# Cheese slicer for soap?



## LuckyStar (Jul 23, 2014)

One of the things that i am by far the least happy with in regards to my soap is how they look sliced. No matter how hard i try or how careful i am, my big, clunky kitchen knife leaves drag marks, doesn't cut straight and just flat out sucks(its pretty dull XD). 

I've been looking for a wire soap cutter, but the cheapest i've seen any for is about 90 dollars, which is just more than i have to spend on something like that right now.

I did however stumble upon this on amazon

http://www.amazon.com/dp/B00004S1DU/?tag=skimlinks_replacement-20

I make all my soap in two pound molds, so i think this would be perfect. Thoughts?

Edit: I now see the "People who bought this item also bought" and its all soap making items...i guess that answers my question, lol.


----------



## shunt2011 (Jul 23, 2014)

That would probably work well for what you want to use it for.  There have been many that started with cheese slicers.  I have a Wire cutter that is similar to a cheese slicer and it works well.


----------



## triprolo (Jul 24, 2014)

I just bought that very one a few days ago and have cut two loaves with it. So far, the best decision I have ever made. The hardest thing I have found is keeping the loaf straight. I used a pencil to mark my thickness of cut. I'm thinking I might attach a wood bar to the board to keep my loaf straight while I cut. So far, I'm glad I bought it.


----------



## LuckyStar (Jul 24, 2014)

triprolo said:


> I just bought that very one a few days ago and have cut two loaves with it. So far, the best decision I have ever made. The hardest thing I have found is keeping the loaf straight. I used a pencil to mark my thickness of cut. I'm thinking I might attach a wood bar to the board to keep my loaf straight while I cut. So far, I'm glad I bought it.

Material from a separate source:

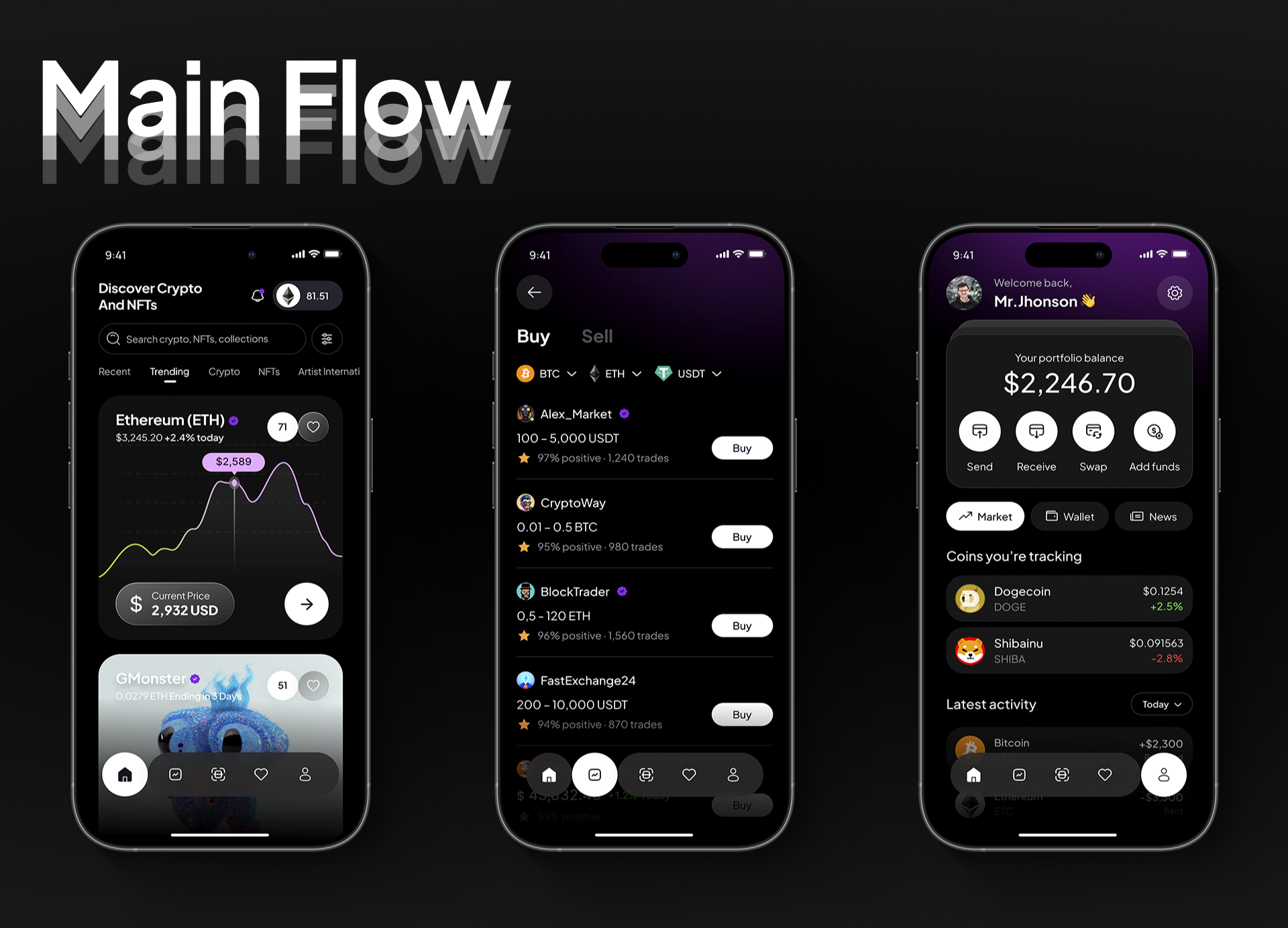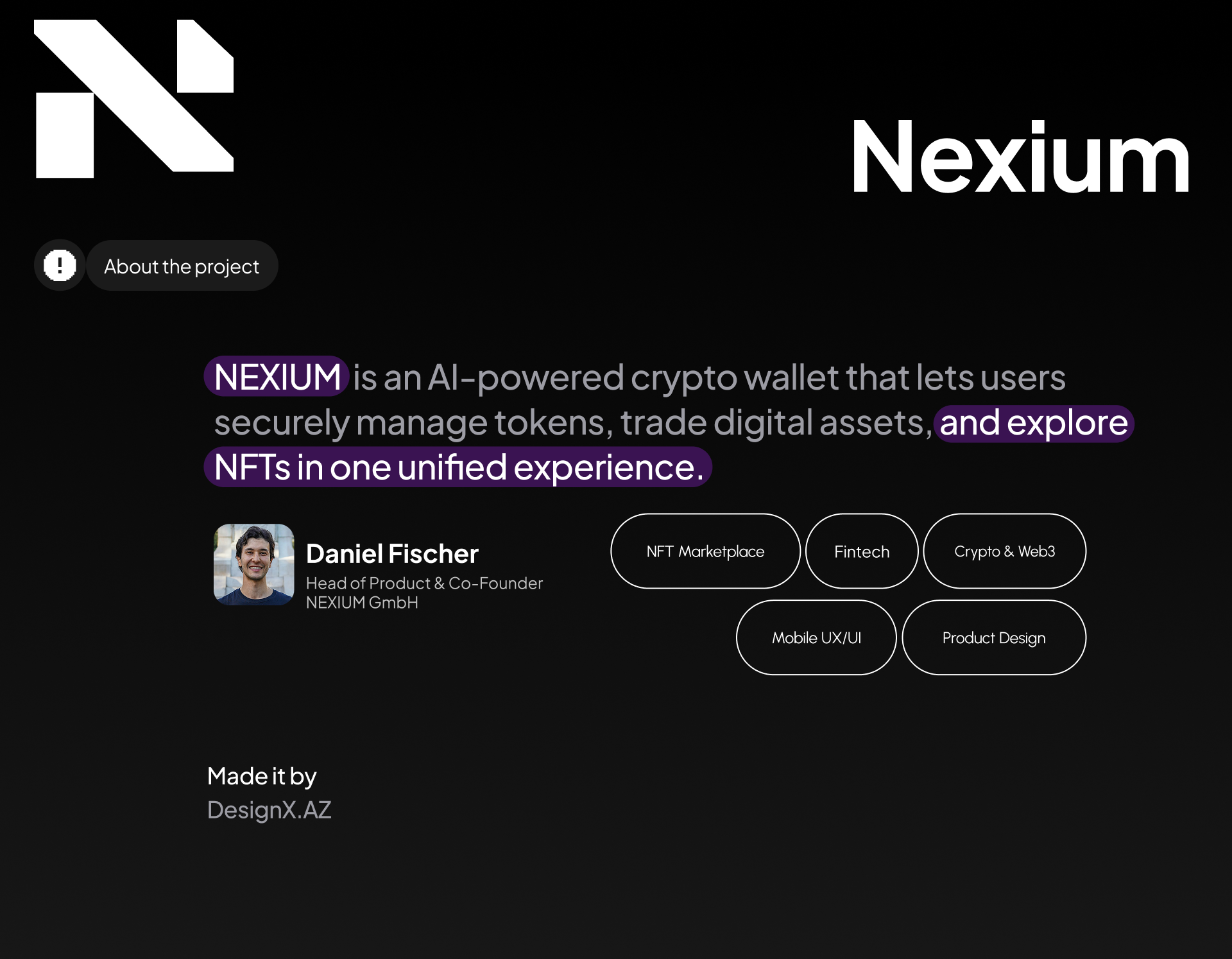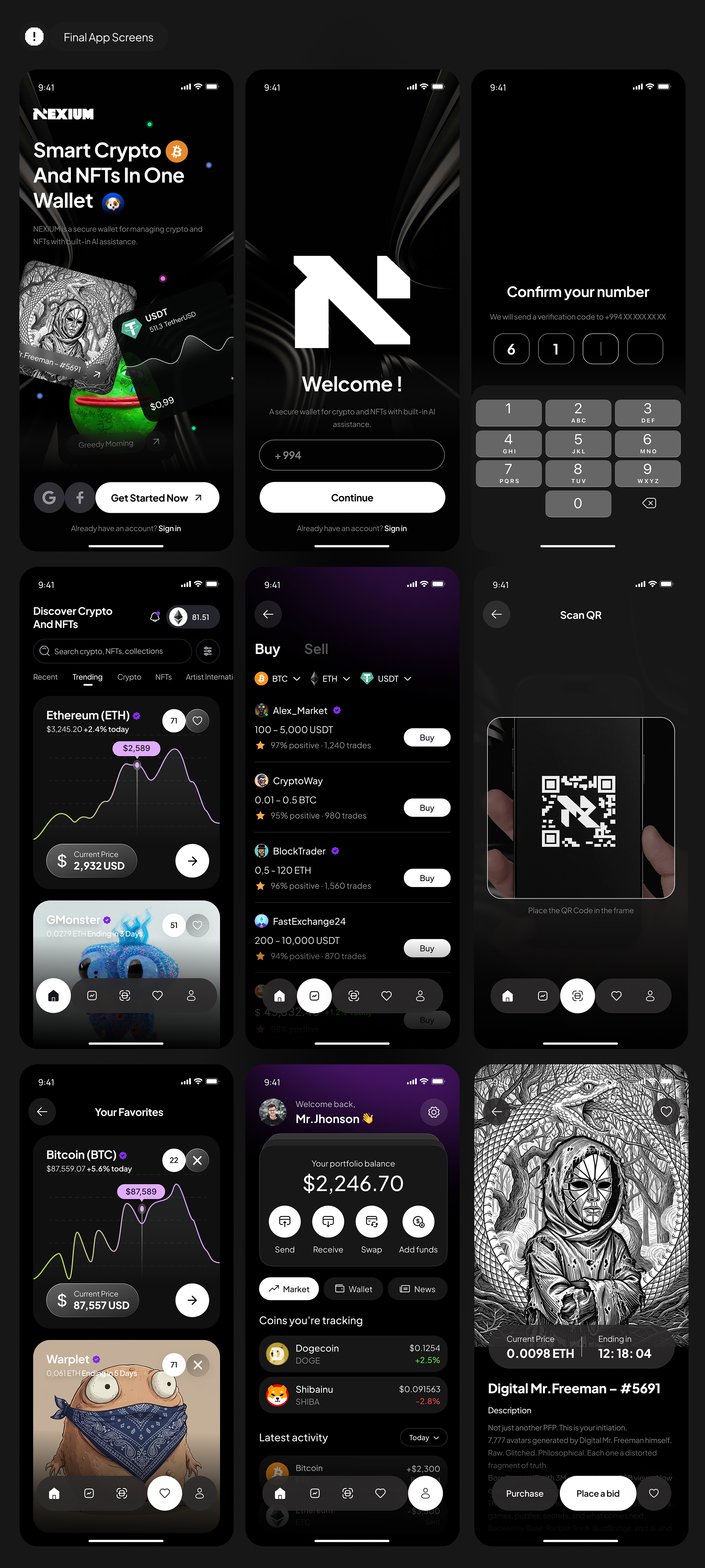 NEXIUM is a crypto and NFT mobile app designed for seamless asset management, trading, and P2P transactions. The project focused on creating a clean, intuitive interface with structured user flows and a strong visual identity to simplify complex financial interactions and enhance user experience.
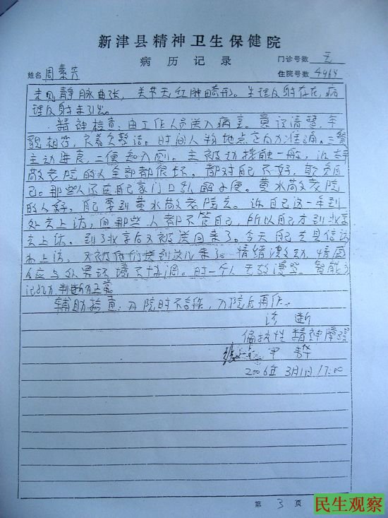 一次接一次的受迫害后,我们看到的是数字的简单重复,或许已经对这种迫害麻木了,2006年3月1日,周素芳最后一次被关精神病期间,被鉴定为偏执型精神病障碍,医生在治疗经过一栏里写着,精神异常28年,四处告状,毁物14年,加重一年入院。医护人员明确的告诉她“饭可以不吃,但是药必须吃”。周素芳说“主任张文亮、医师唐永华只管在我身上用药,从来不过问我的身体和生命,每次强行把我关进精神病院,都要把我折腾成全身浮肿、发黑才肯放我出院。并且给我用药这么多年,从来不给我住院病历和用药处方”。

I'm thinking i'll just recruit the boyfriend to brace it on both sides while i do the slicing on pre marked indents ^.^


----------



## Amber123 (Jul 24, 2014)

wow! This is awesome..thanks for sharing..I think I'll get this and a slab mold ..I was trying to decide between the wire cutter and slab mold but the price of this and what I need it for will allow me to get both


----------



## Amber123 (Aug 6, 2014)

I got it and used it to cut my beer soap...love it!  I have the same issue keeping it from moving but I just held it tightly before slicing.  I think attaching a wood bar is a great idea!


----------



## Ellacho (Aug 6, 2014)

I have several soap cutters including this one. It's quick and easy to cut into desired sizes. Most of all, the stainless less board makes clean up a breeze! Love it!


----------



## Amber123 (Aug 6, 2014)

What's your technique for keeping it in place?


----------



## cmzaha (Aug 6, 2014)

A friend of mine bought this cutter and has given very good reviews about it  http://tinyurl.com/n2comfg


----------



## Seawolfe (Aug 6, 2014)

I got this mold from SMR because it was a mold and cutter, and I have to say it has really done me well - the built in cutting slots just make everything easier, and I can use it on soaps from other molds (like from a pringles can).


----------



## nframe (Aug 6, 2014)

I also bought a wooden cheese cutter and got my husband to glue and screw two pieces of wood on it as a guide. It works well. Here is a photo of it in a previous post:

http://www.soapmakingforum.com/showpost.php?p=414909&postcount=25

Good luck!


----------



## reinbeau (Aug 6, 2014)

I use the rubbery mesh shelf liner, a small square of it, beneath the soap when I cut with my cheese slicer, it holds the soap well.


----------



## PuddinAndPeanuts (Aug 6, 2014)

Seawolfe said:


> I got this mold from SMR because it was a mold and cutter, and I have to say it has really done me well - the built in cutting slots just make everything easier, and I can use it on soaps from other molds (like from a pringles can).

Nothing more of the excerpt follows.